## Task instructions
Across all the records, filter for lines with the word "from" and copy them.

## Supplied entries
· · · ·

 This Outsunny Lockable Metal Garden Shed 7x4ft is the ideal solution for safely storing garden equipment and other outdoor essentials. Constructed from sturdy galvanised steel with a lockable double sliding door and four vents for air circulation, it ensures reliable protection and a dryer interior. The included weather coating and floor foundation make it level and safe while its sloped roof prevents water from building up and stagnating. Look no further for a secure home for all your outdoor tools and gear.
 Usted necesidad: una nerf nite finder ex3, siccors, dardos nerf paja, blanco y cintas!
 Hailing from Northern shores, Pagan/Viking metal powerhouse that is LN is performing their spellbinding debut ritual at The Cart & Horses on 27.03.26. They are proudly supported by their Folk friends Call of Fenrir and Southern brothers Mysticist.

· · · ·

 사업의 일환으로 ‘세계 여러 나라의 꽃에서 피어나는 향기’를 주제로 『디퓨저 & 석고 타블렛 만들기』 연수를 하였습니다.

· · · ·

## Response
 This Outsunny Lockable Metal Garden Shed 7x4ft is the ideal solution for safely storing garden equipment and other outdoor essentials. Constructed from sturdy galvanised steel with a lockable double sliding door and four vents for air circulation, it ensures reliable protection and a dryer interior. The included weather coating and floor foundation make it level and safe while its sloped roof prevents water from building up and stagnating. Look no further for a secure home for all your outdoor tools and gear.
 Hailing from Northern shores, Pagan/Viking metal powerhouse that is LN is performing their spellbinding debut ritual at The Cart & Horses on 27.03.26. They are proudly supported by their Folk friends Call of Fenrir and Southern brothers Mysticist.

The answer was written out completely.